In the end it all comes down to the laws of thermodynamics and entropy. We live on solar energy in the end, food is just a route to get the energy in our body’s. There is going to be a lot of killing involved one way or the other. Follow nature/the circle of life will change/destroy it the least.


#7

Isn’t it AMAZING how they don’t grasp that concept!


(UsedToBeT2D) #8

Humans generally screw things up without realizing it. Sometimes we are too smart for our own good.
Don’t fool with Mother Nature.


#9

too late right? but hey I say AMEN to your post! :100:


(Ethan) #10

The circle of life is referring to how animals and the environment work together. Cows grazing on grass (not grain) in rotation can simulate the same effect that wild herds of buffalo used to have. It trims the wild grass so that it grows better. It fertilizes it and prevents wildfires. There is a lot of land that can be used for grass, but not crops. If you grow grass there, you feed cows, and then cows feed us. We don’t need to waste as much land on crops. There is balance in life. What happens to lifestock if all meat is printed? You basically take them out of the equation and throw everything out of whack.

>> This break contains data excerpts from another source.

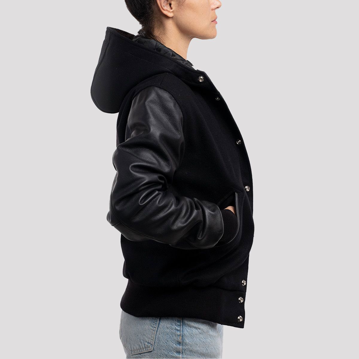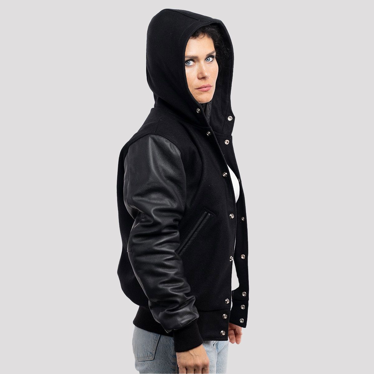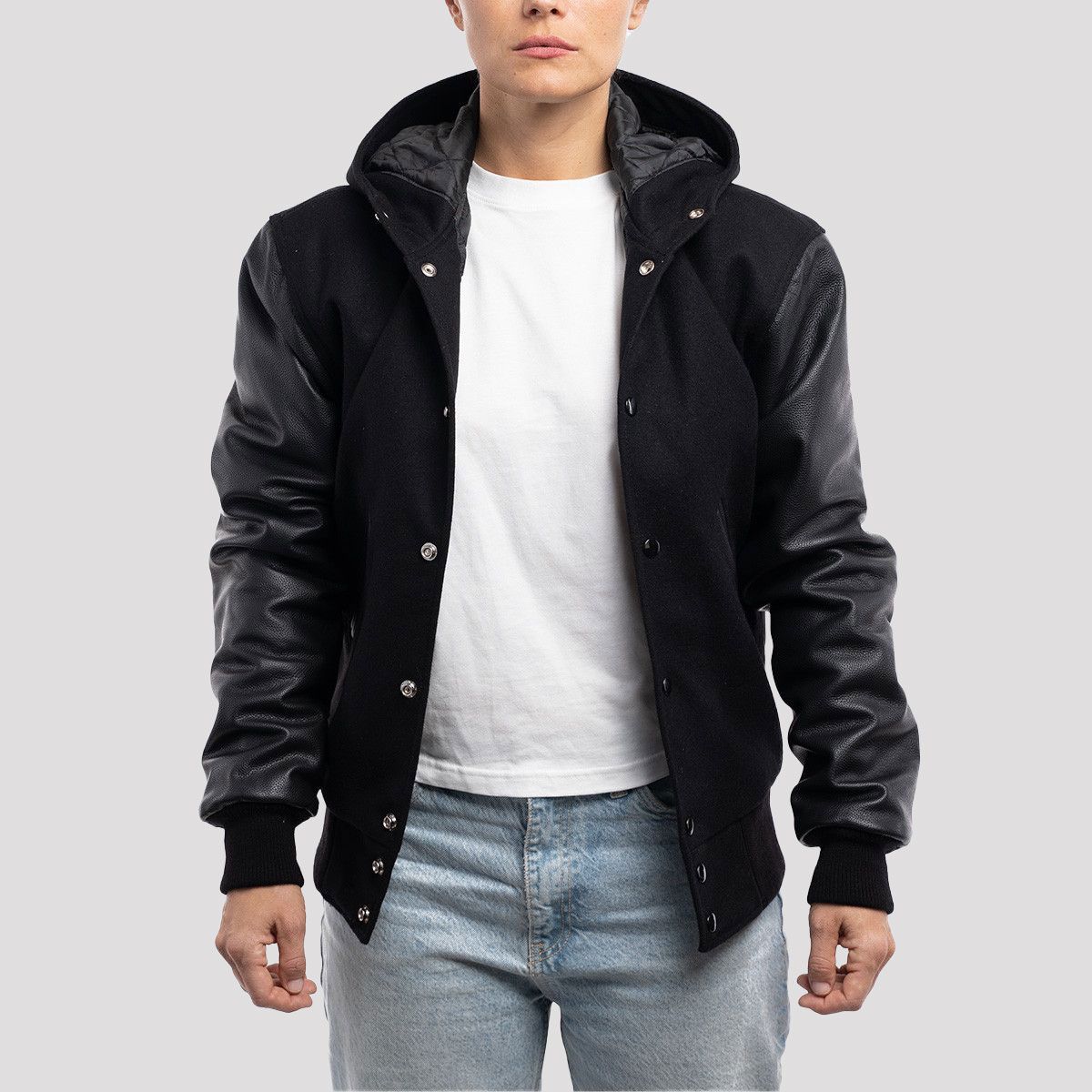 Black Wool Body & Black Sleeves Hoodie Letterman Jacket
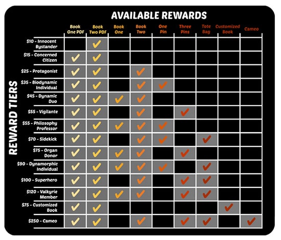 These changes could include new stretch goals (new financial goals along with accompanying promises of expanded features) and new rewards. Tiered rewards are a key component to a crowdfunding campaign; incentivizing backers to make donations of increasing amounts in exchange for exclusive rewards. Updated graphics outlining the details of these goals and rewards are a must.
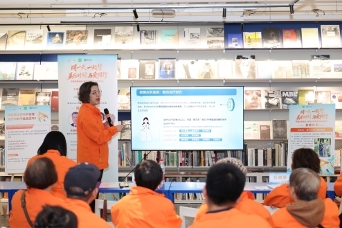 作为全国九城联动系列活动的收官之站,患者及家属们精神饱满,提前一小时便陆续抵达位于梦中心的群岛Books书店,与专家、志愿者们亲切交流,现场气氛温暖而活跃。活动邀请了来自复旦大学附属肿瘤医院的陈海泉教授、王佳蕾教授等临床专家,与数十位肺癌患者及家属,在书香中聆听科普,随后一同前往徐汇滨江步道,共同完成了一场意义非凡的“身心康复之旅”。
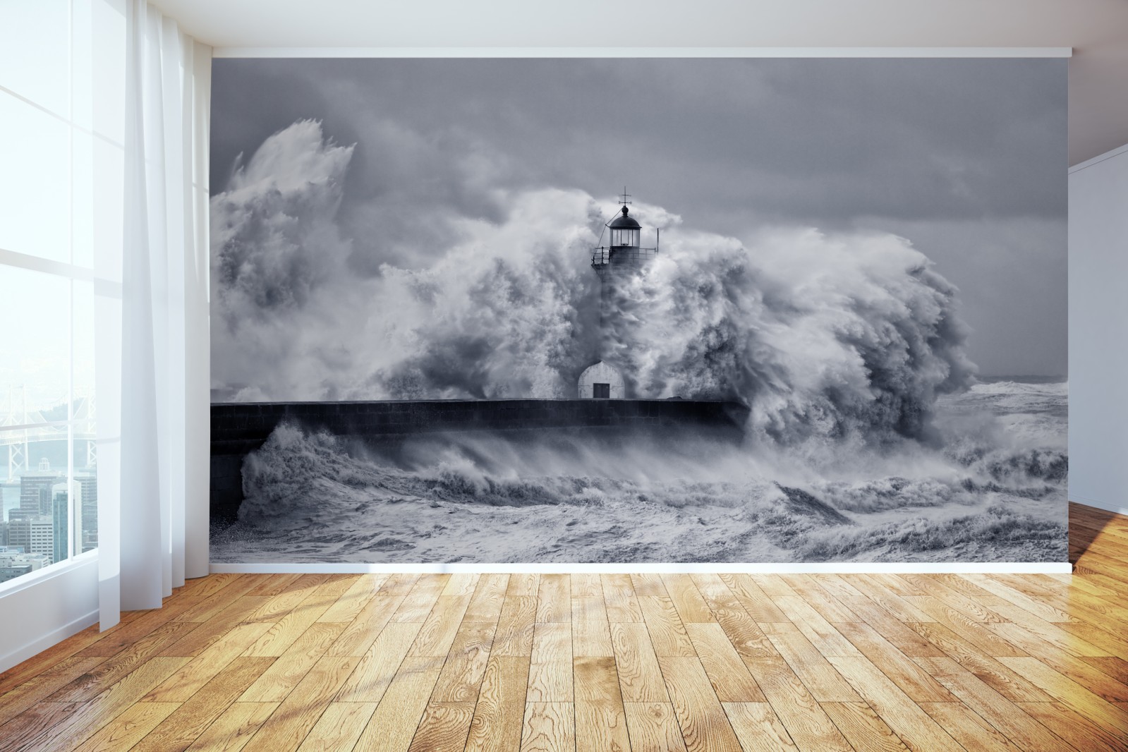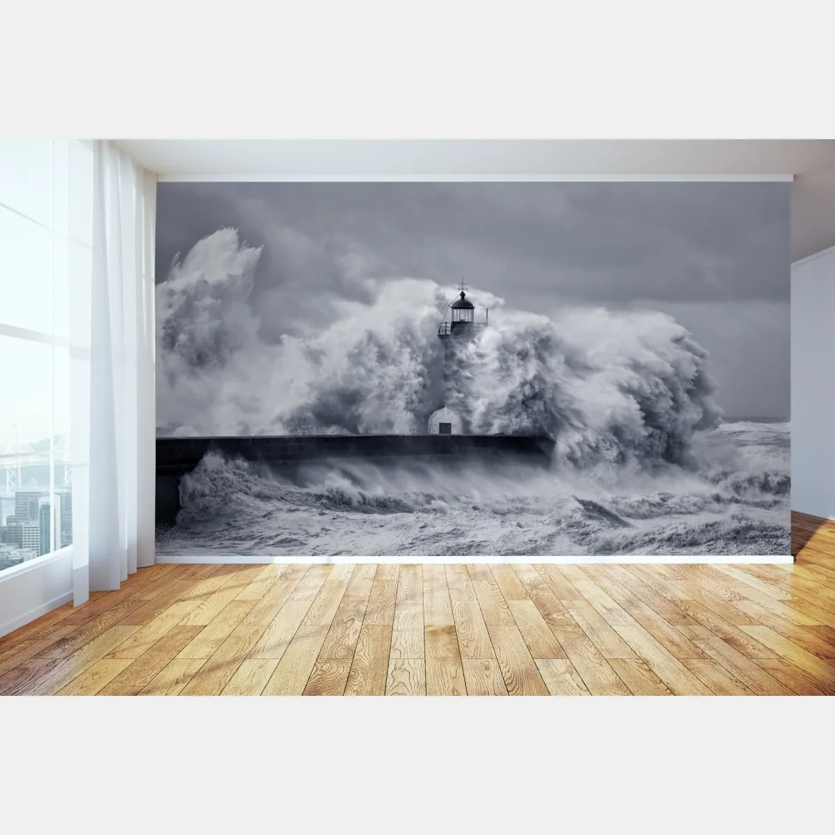 Fototapete leuchtturm von mächtigen wellen umgeben

(Bacon is a many-splendoured thing) #11

Here are the arguments: Grasslands need ruminants in order to be healthy, since the grasses and the ruminants evolved together. Soil is in much better condition and is far less likely to erode and become desert when it is trampled and fertilised by ruminants. Healthy soil provides habitats for innumerable small mammals and for many other species, as well. It can also be argued that becoming a food animal is good for a species, even though not for individual animals, since once a species becomes economically necessary, human beings go out of their way to preserve it.

It is not as though vegetarianism is any better. The tradeoff is killing multitudes of small mammals by turning over the soil for a monocrop, instead of killing a smaller number of larger animals. What is the value of a life? Does it depend on how cuddly the species is? Either way, animals die, so the morality is going to have to be put on some other basis.

It is possible, for example, to raise food animals humanely, kill them painlessly, and show reverence for their sacrifice. Far easier than gathering up the dead bodies of rodents and ground-nesting birds after ploughing up their habitat. Another consideration is that only a small percentage of agricultural land is suitable for crop-growing, and much of that land has been sold off to be built on. There is much more land available for raising ruminants, land which cannot be used for growing crops. (And it is often not suitable for building, either.)

And as far as the morality of using living things for food is concerned, what about killing plants for food? Don’t plant lives matter? I believe it was Arthur C. Clarke who, in one of his novels, imagined a society where people synthesised their food out of minerals and were ashamed of their vegetarian ancestors for taking lives in order to eat.